(Records contained in a dataset)
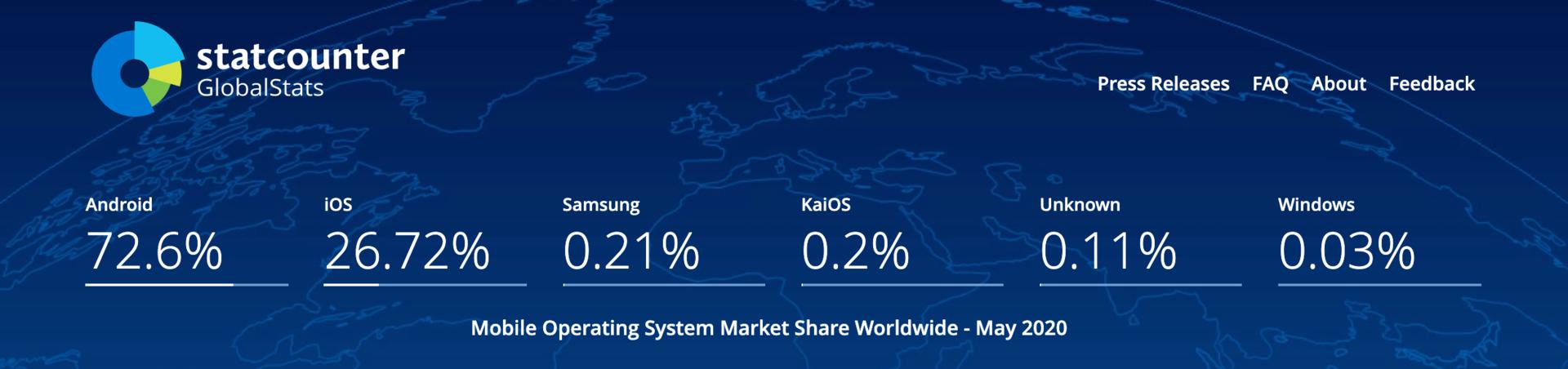 根据Statcounter的数据,KaiOS当前的市场份额位列第四
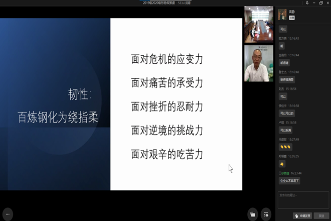 最后,张许昌以“成功不一定需要你跑得最快,但一定需要你坚持不断地奔跑”作为结语,鼓励同学们不断奋进,以个人的勇担使命来回馈国家社会。讲座结束后,引起同学们在直播间的热烈反响。
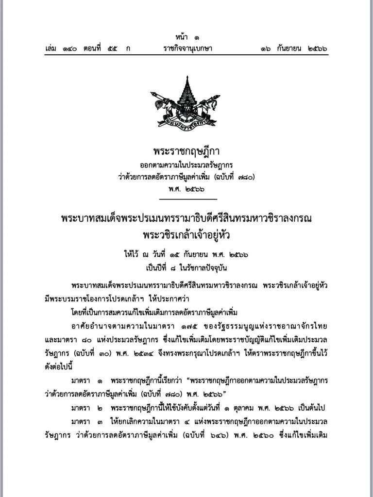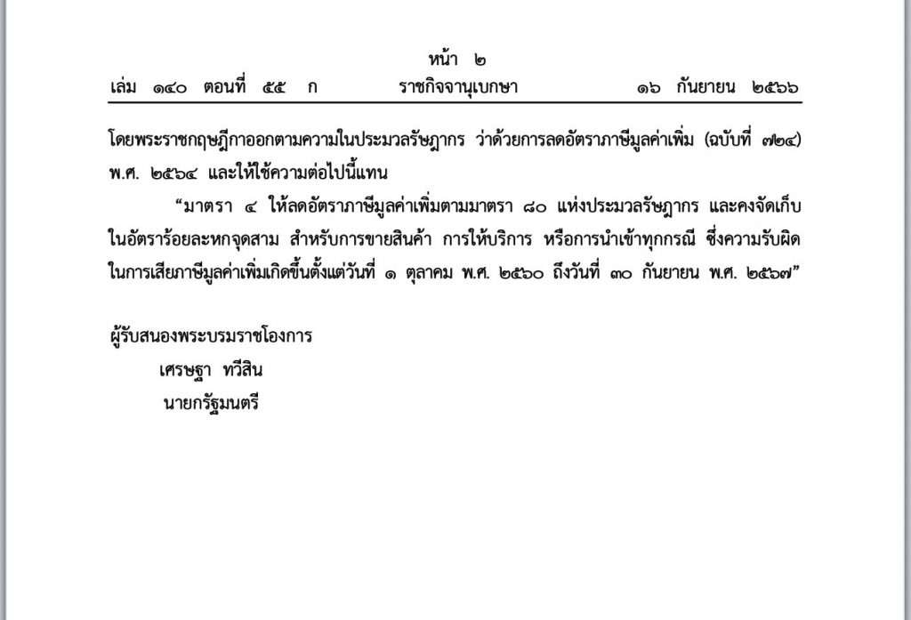ผู้สื่อข่าวไทยแทบลอยรายงานว่าได้มี ราชกิจจานุเบกษา มีใจความระบุว่า : พระราชกฤษฎีกาออกตามความในประมวลรัษฎากรว่าด้วยการลดอัตราภาษีมูลค่าเพิ่ม (ฉบับที่ 780)พ.ศ. 2566
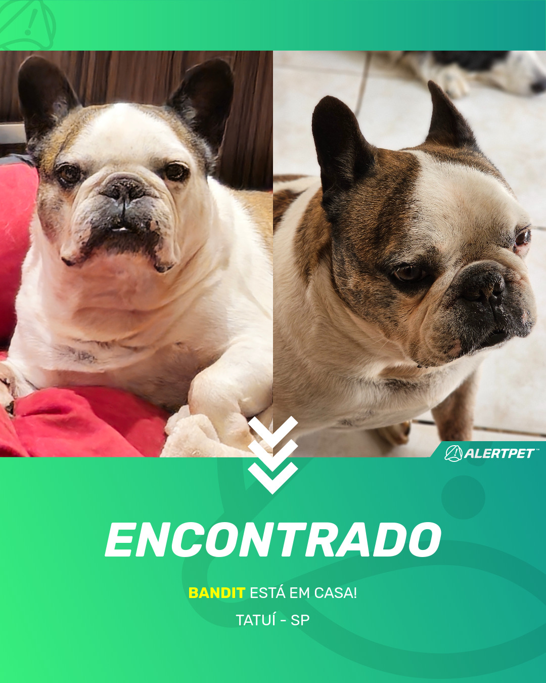 Depois de dois meses a cadelinha foi finalmente localizada graças a um anúncio da AlertPet
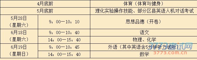 2016年上海市初中毕业统一学业考试时间安排见下表
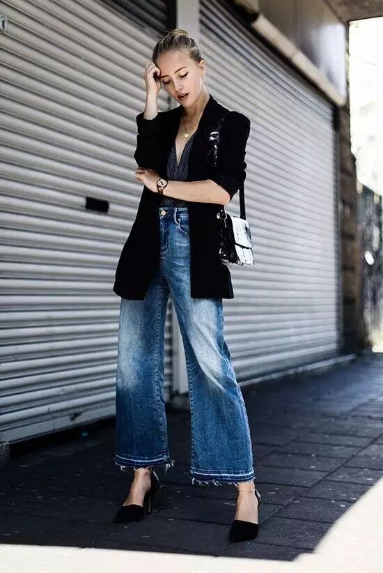 西装外套搭配直筒牛仔裤,不仅看不出粗腿,竟然还可以这么显腿长!
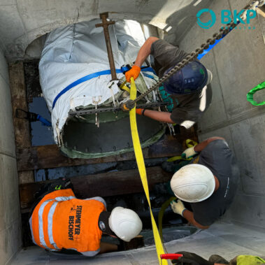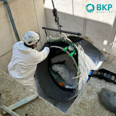 Berliner Wasserbetriebe was impressed by the preparations, the creation of a risk matrix and the diverse project experiences of its partners. After the extensive preparatory work by Stehmeyer + Bischoff, the heavy liners were easily pulled in using the BKP conveyor belt including a folding device. David Kijewski and Olaf Meier, BKP application engineers, helped the “SteBi” crew in handling such a large and heavy liner. “The team carried out the job with great routine within a very short period of time,” says David Kijewski.
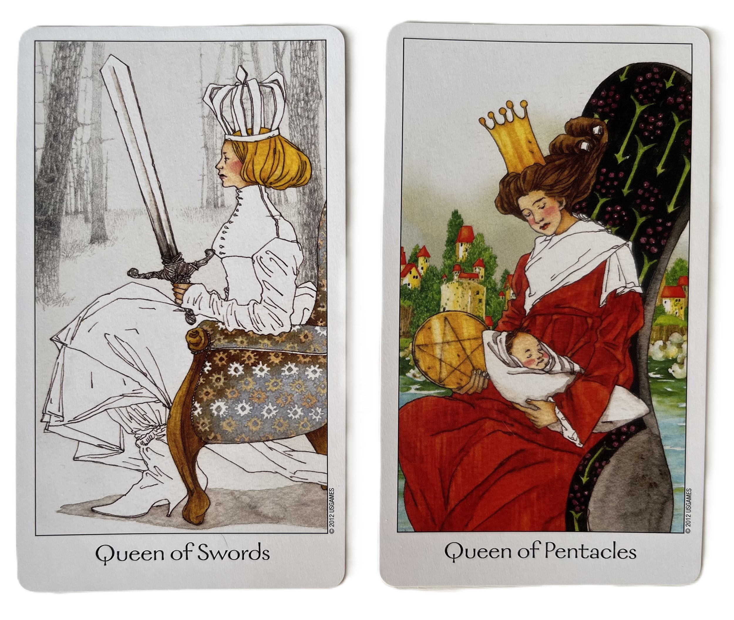 For me, for as long as I’ve been alive, I’ve identified with these two particular ladies, the Queen of Swords and the Queen of Pentacles, more significantly, in some frankenstein-ian mix of mostly ‘nerd’ and ‘mother.’
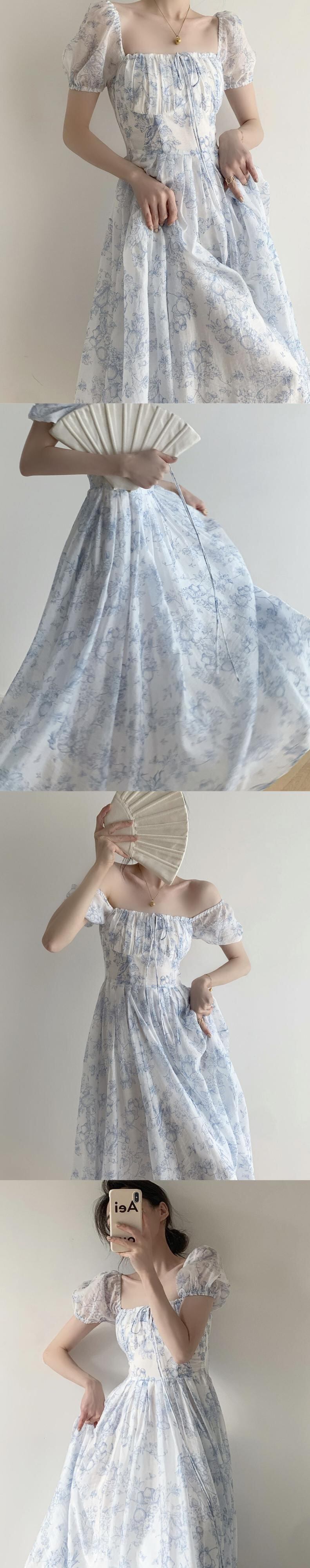 レースアップスクエア半袖スクエアネックバブル花柄ドレス Vestidos De es マキシドレスビーチドレスボヘミアンシフォン ショート ハーフスリーブ スクウェア
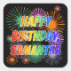Adesivo Quadrado Nome "SAMANTHA", Diversão "FELIZ ANIVERSÁRIO"
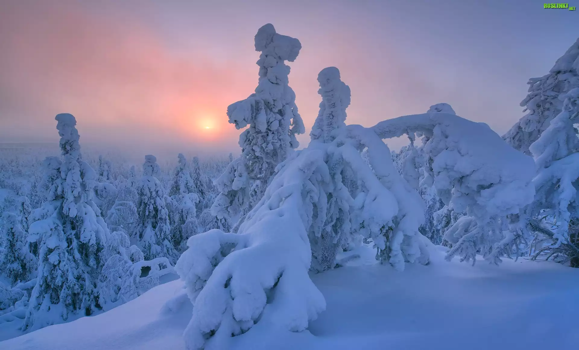 Rośliny: Zima, Drzewa, Mgła, Wschód słońca, Wzgórze, Rezerwat Valtavaara, Laponia, Finlandia
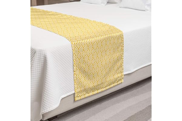 Sea Ocean Inspired Abstract Vintage Style Waves Linear Ornament Style, Decorative Accent Bedding Scarf for Hotels Homes and Guestrooms, Queen, Marigold White
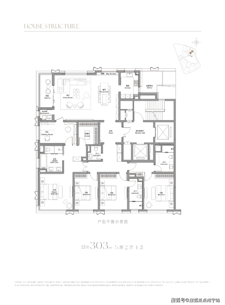 4#西单元(小高层),面积303㎡,总价约4200-5100万。
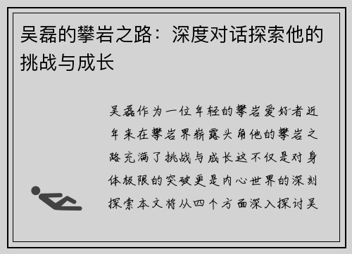 本文将对南京攀岩队的控制打法进行深入分析与战术应用解读。南京攀岩队以其独特的战术风格和高效的团队配合而闻名,本文将从四个方面详细探讨他们的控制打法,包括技术要素、战术布局、心理策略以及训练方法。这些方...
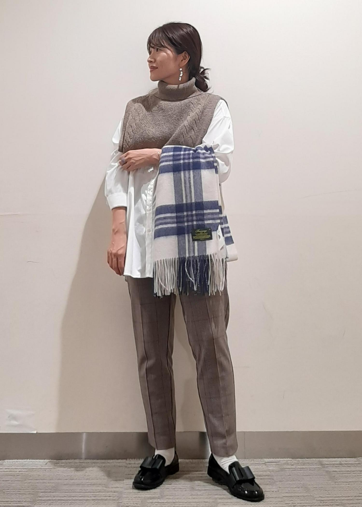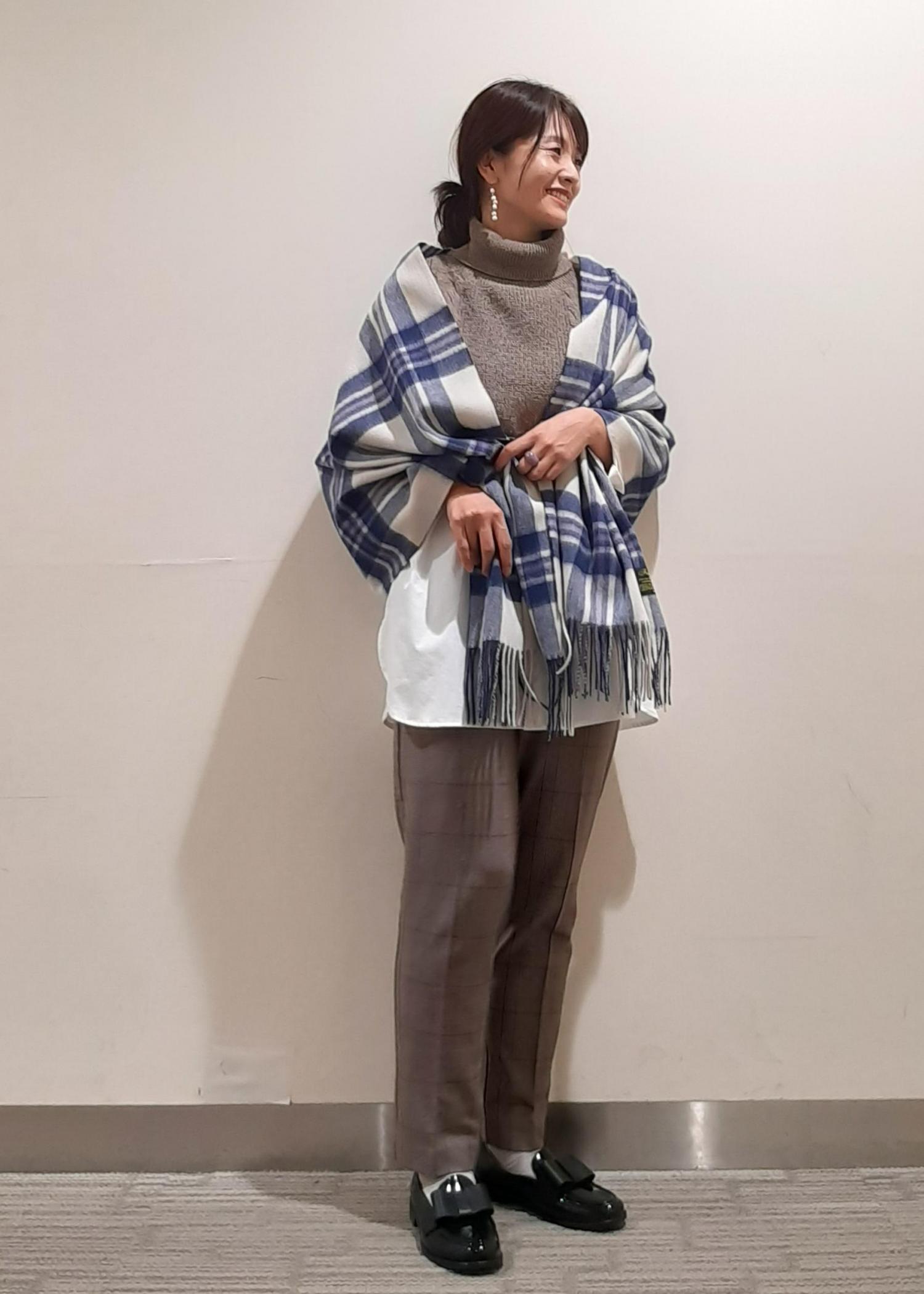 今年のチェック柄ストールは馴染みのいいカラーで大人コーデにもおすすめです♡
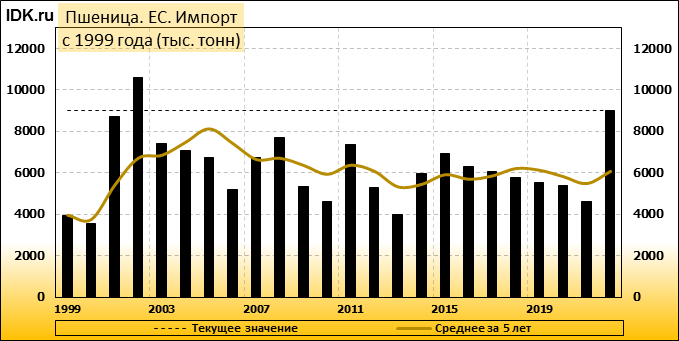 Импорт: составит 9000 тысяч тонн. Значение по прошествии месяца не изменилось.
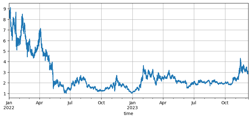 Generally, it is enough to use K-line data. For accuracy, the smaller the K-line period, the better. However, to balance the backtest time and data volume, in this article, we use 5min of data from the past two years for backtesting. The final data volume exceeded 200,000 lines. We choose DYDX as the currency. Of course, the specific currency and K-line period can be selected according to your own interests.
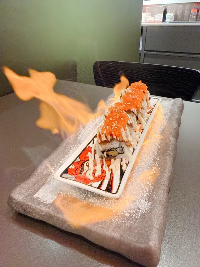 有驚喜招牌金龍卷,上枱時店員即場用火槍灸燒,真係好有創意,啱晒打卡,金龍卷用咗炸蕃薯同鰻魚配搭幾新鮮,鰻魚燒到好香脆又惹味,入口又幾好食🤤,推薦大家要試吓。
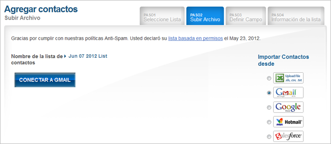 Importa los contactos de Gmail a tu cuenta de Benchmark con esta integración segura. Los contactos mantendrán la configuración de grupo creada en Gmail con los campos que hayas especificado durante el proceso de importación. Puedes conectar tu cuenta de Gmail, ya sea en la sección “Lista” de tu panel o en la configuración de tu cuenta. Es un proceso rápido y seguro que puedes activar o desactivar en cualquier momento.
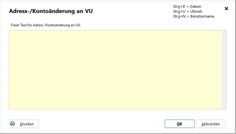 10. Es erscheint nun eine Maske zur Eingabe eines freien Textes, der auf der Adress- / Kontoänderungsmitteilung angedruckt werden soll.
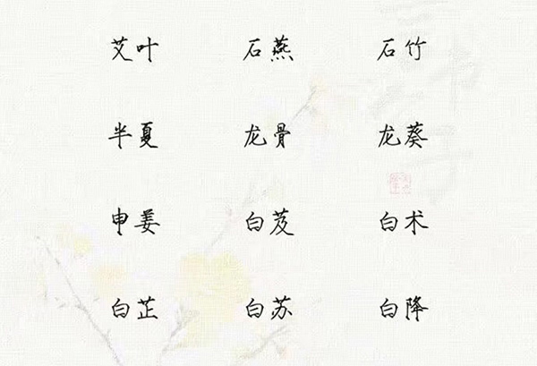8. 艾叶 石燕 石竹 半夏 龙骨 龙葵 申姜 白芨 白术 白芷 白苏 白降
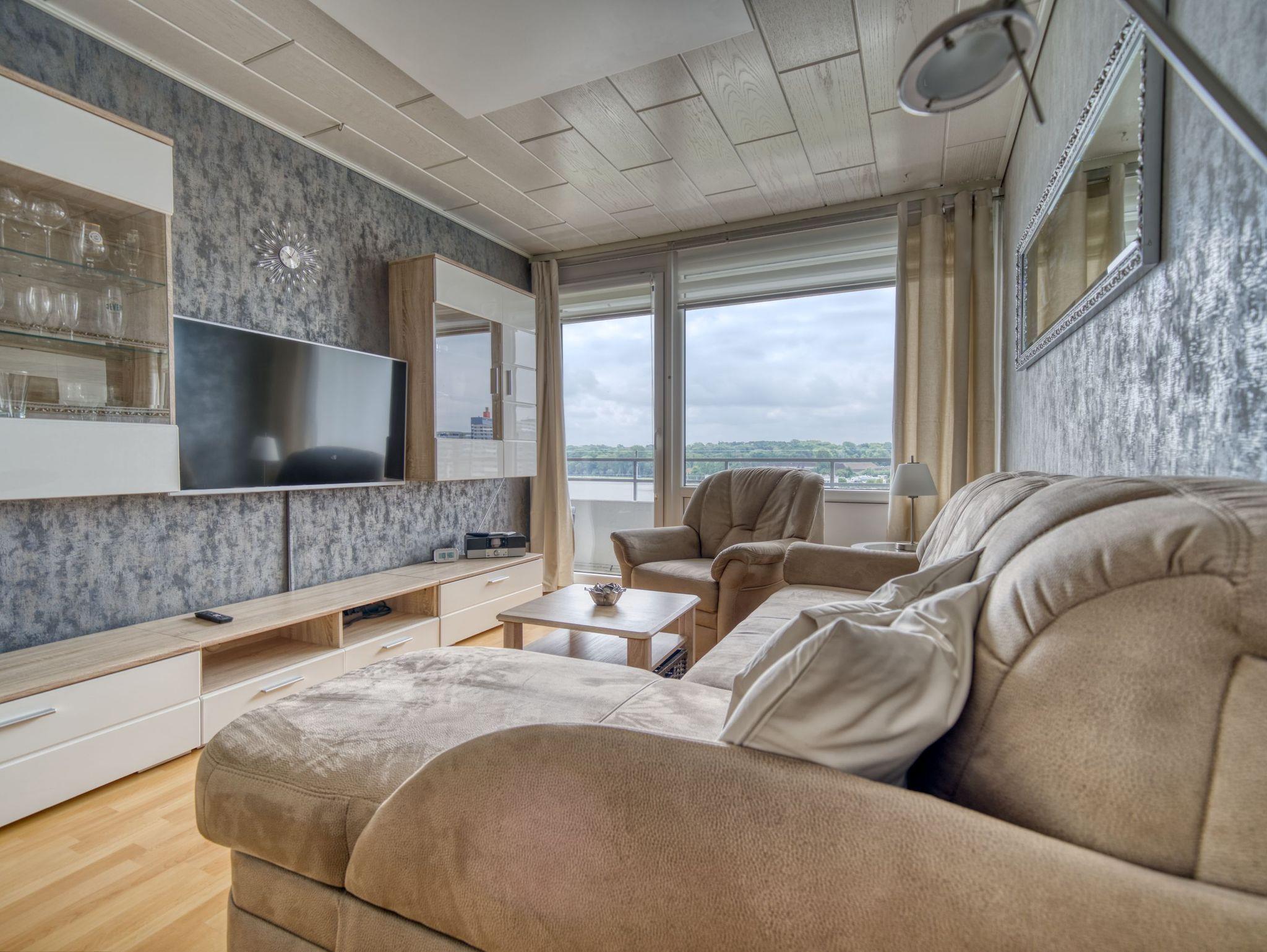 Wohnzimmer mit gemütlicher Couch, die als zusätzliche Schlafmöglichkeit genutzt werden kann
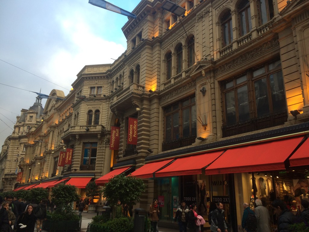 Na Calle Florida fica o O Shopping Galerías Pacífico. Ele fica em um prédio neoclássico que antigamente era um teatro e foi todo renovado. Por dentro a grande atração são os afrescos pintados no teto. É magnífico e lembra muito a Galeria Lafayette em Paris. Vale entrar para tirar fotos e tomar um café (as lojas são na grande maioria as de grife e muito caras). A praça de alimentação fica no subsolo e é pequena, mas tem boas opções de comida saudável além das lanchonetes tradicionais. Lá você também pode trocar dinheiro com segurança, pois tem um stand de casa de câmbio. (As taxas podem ser piores que na rua, mas não vale a pena arriscar, pois os mesmos cambistas dão a letra para os punguistas).
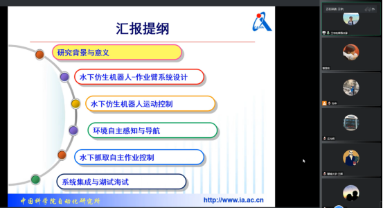 2022年12月1日(星期四)上午9:00,受色播 智能分析与优化控制创新团队邀请,中国科学院自动化研究所王宇老师作了题为“面向自主作业的水下仿生机器人”的报告。本次报告以腾讯会议的形式举行,由色播 孙伟副教授主持,复杂系统智能分析与控制团队的老师和研究生在线上参加了本次报告会。

## Exercise
Please output each line above exactly and omit all images.

## Exercise answer
 根据Statcounter的数据,KaiOS当前的市场份额位列第四
 最后,张许昌以“成功不一定需要你跑得最快,但一定需要你坚持不断地奔跑”作为结语,鼓励同学们不断奋进,以个人的勇担使命来回馈国家社会。讲座结束后,引起同学们在直播间的热烈反响。
ผู้สื่อข่าวไทยแทบลอยรายงานว่าได้มี ราชกิจจานุเบกษา มีใจความระบุว่า : พระราชกฤษฎีกาออกตามความในประมวลรัษฎากรว่าด้วยการลดอัตราภาษีมูลค่าเพิ่ม (ฉบับที่ 780)พ.ศ. 2566
 Depois de dois meses a cadelinha foi finalmente localizada graças a um anúncio da AlertPet
 2016年上海市初中毕业统一学业考试时间安排见下表
 西装外套搭配直筒牛仔裤,不仅看不出粗腿,竟然还可以这么显腿长!
 Berliner Wasserbetriebe was impressed by the preparations, the creation of a risk matrix and the diverse project experiences of its partners. After the extensive preparatory work by Stehmeyer + Bischoff, the heavy liners were easily pulled in using the BKP conveyor belt including a folding device. David Kijewski and Olaf Meier, BKP application engineers, helped the “SteBi” crew in handling such a large and heavy liner. “The team carried out the job with great routine within a very short period of time,” says David Kijewski.
 For me, for as long as I’ve been alive, I’ve identified with these two particular ladies, the Queen of Swords and the Queen of Pentacles, more significantly, in some frankenstein-ian mix of mostly ‘nerd’ and ‘mother.’
 レースアップスクエア半袖スクエアネックバブル花柄ドレス Vestidos De es マキシドレスビーチドレスボヘミアンシフォン ショート ハーフスリーブ スクウェア
Adesivo Quadrado Nome "SAMANTHA", Diversão "FELIZ ANIVERSÁRIO"
 Rośliny: Zima, Drzewa, Mgła, Wschód słońca, Wzgórze, Rezerwat Valtavaara, Laponia, Finlandia
 Sea Ocean Inspired Abstract Vintage Style Waves Linear Ornament Style, Decorative Accent Bedding Scarf for Hotels Homes and Guestrooms, Queen, Marigold White
 4#西单元(小高层),面积303㎡,总价约4200-5100万。
 本文将对南京攀岩队的控制打法进行深入分析与战术应用解读。南京攀岩队以其独特的战术风格和高效的团队配合而闻名,本文将从四个方面详细探讨他们的控制打法,包括技术要素、战术布局、心理策略以及训练方法。这些方...
 今年のチェック柄ストールは馴染みのいいカラーで大人コーデにもおすすめです♡
 Импорт: составит 9000 тысяч тонн. Значение по прошествии месяца не изменилось.
 Generally, it is enough to use K-line data. For accuracy, the smaller the K-line period, the better. However, to balance the backtest time and data volume, in this article, we use 5min of data from the past two years for backtesting. The final data volume exceeded 200,000 lines. We choose DYDX as the currency. Of course, the specific currency and K-line period can be selected according to your own interests.
 有驚喜招牌金龍卷,上枱時店員即場用火槍灸燒,真係好有創意,啱晒打卡,金龍卷用咗炸蕃薯同鰻魚配搭幾新鮮,鰻魚燒到好香脆又惹味,入口又幾好食🤤,推薦大家要試吓。
 Importa los contactos de Gmail a tu cuenta de Benchmark con esta integración segura. Los contactos mantendrán la configuración de grupo creada en Gmail con los campos que hayas especificado durante el proceso de importación. Puedes conectar tu cuenta de Gmail, ya sea en la sección “Lista” de tu panel o en la configuración de tu cuenta. Es un proceso rápido y seguro que puedes activar o desactivar en cualquier momento.
 10. Es erscheint nun eine Maske zur Eingabe eines freien Textes, der auf der Adress- / Kontoänderungsmitteilung angedruckt werden soll.
8. 艾叶 石燕 石竹 半夏 龙骨 龙葵 申姜 白芨 白术 白芷 白苏 白降
 Wohnzimmer mit gemütlicher Couch, die als zusätzliche Schlafmöglichkeit genutzt werden kann
 Na Calle Florida fica o O Shopping Galerías Pacífico. Ele fica em um prédio neoclássico que antigamente era um teatro e foi todo renovado. Por dentro a grande atração são os afrescos pintados no teto. É magnífico e lembra muito a Galeria Lafayette em Paris. Vale entrar para tirar fotos e tomar um café (as lojas são na grande maioria as de grife e muito caras). A praça de alimentação fica no subsolo e é pequena, mas tem boas opções de comida saudável além das lanchonetes tradicionais. Lá você também pode trocar dinheiro com segurança, pois tem um stand de casa de câmbio. (As taxas podem ser piores que na rua, mas não vale a pena arriscar, pois os mesmos cambistas dão a letra para os punguistas).
 2022年12月1日(星期四)上午9:00,受色播 智能分析与优化控制创新团队邀请,中国科学院自动化研究所王宇老师作了题为“面向自主作业的水下仿生机器人”的报告。本次报告以腾讯会议的形式举行,由色播 孙伟副教授主持,复杂系统智能分析与控制团队的老师和研究生在线上参加了本次报告会。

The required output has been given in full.